Sheldon played the trumpet, sang, performed and was the sidekick and comedic foil on the Merv Griffin show. During the sixties he ventured further into television as an actor on such shows as Dragnet, The Girl With Something Extra, the Cara Williams Show and Run Buddy Run. He was also the voice used for “Conjunction Junction” and “I’m Just A Bill” on Schoolhouse Rock. He voice later appeared on such sitcoms as The Simpsons and Family Guy.
He has played with Jimmy Guiffre, Herb Geller, Mel Torme, Wardell Gray, Helen Humes, Gary Burton, June Christy, Rosemary Clooney and the big bands of Stan Kenton, Bill Berry, Tom Kubis and Benny Goodman.

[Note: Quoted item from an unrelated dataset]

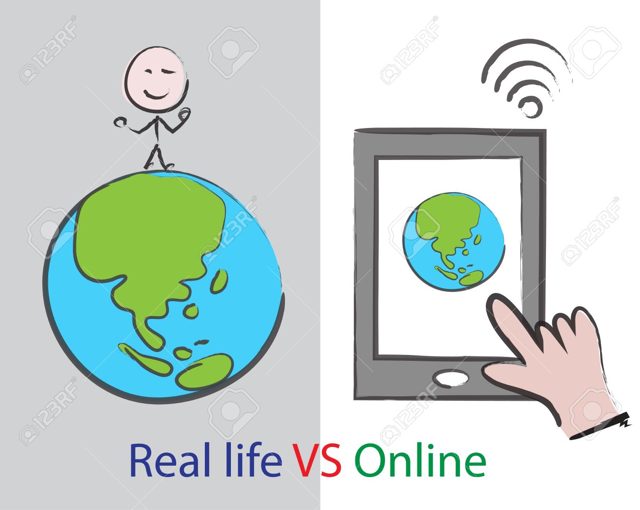 World Of Real Life Vs Online Concept Social Media And Internet Royalty Free Cliparts Vectors And Stock Illustration Image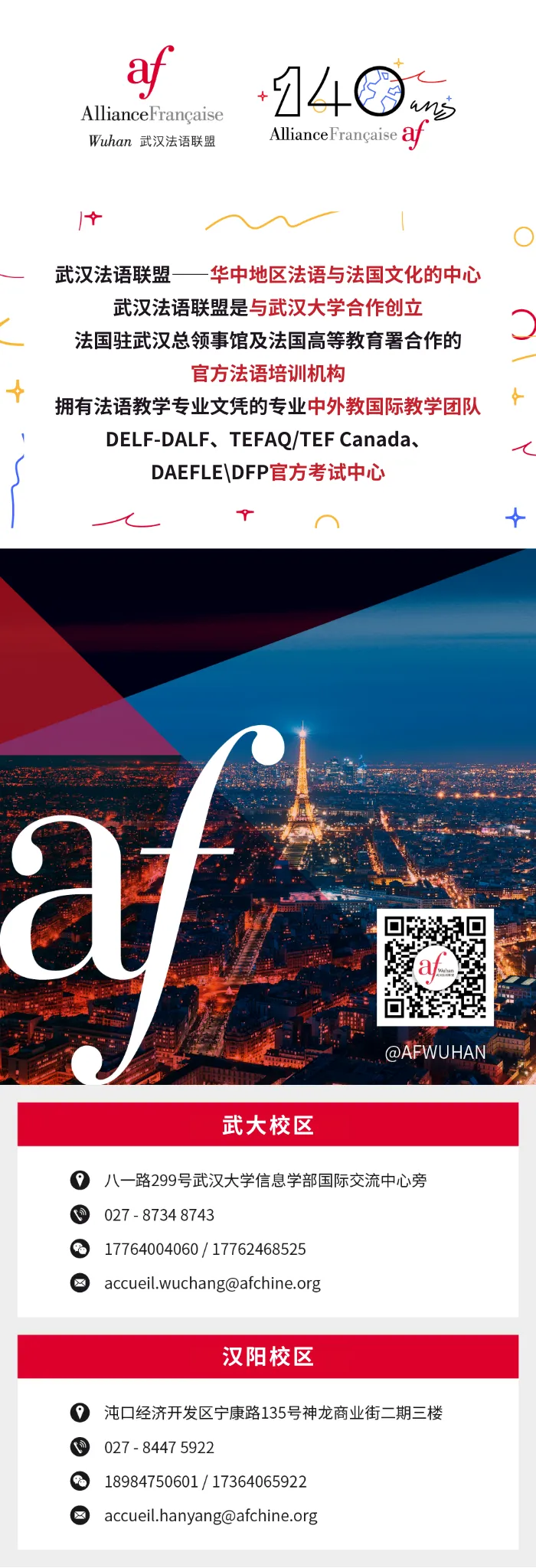 Vous pouvez nous suivre en live-streaming à 14h le 28 mars sur plusieurs réseaux sociaux — WeChat « Alliance Française de Shanghai », Weibo « Faguo Wenhua » ; pour cela, inscrivez-vous en scannant les QR codes ci-dessous.

Jack performed the trumpet solo for the theme song “The Shadow Of Your Smile” on the soundtrack of the 1965 movie, The Sandpiper, appeared in the Oscar-nominated documentary “Let’s Get Lost” about the life of fellow jazz trumpeter Chet Baker, performed a trumpet solo in the Coppola film “One From The Heart”, appeared as an ill-fated trumpeter in Radioland Murders, and is the subject of an award winning feature documentary, “Trying to Get God: The Jazz Odyssey of Jack Sheldon”. He continues to be an active performer of the bebop and cool jazz schools.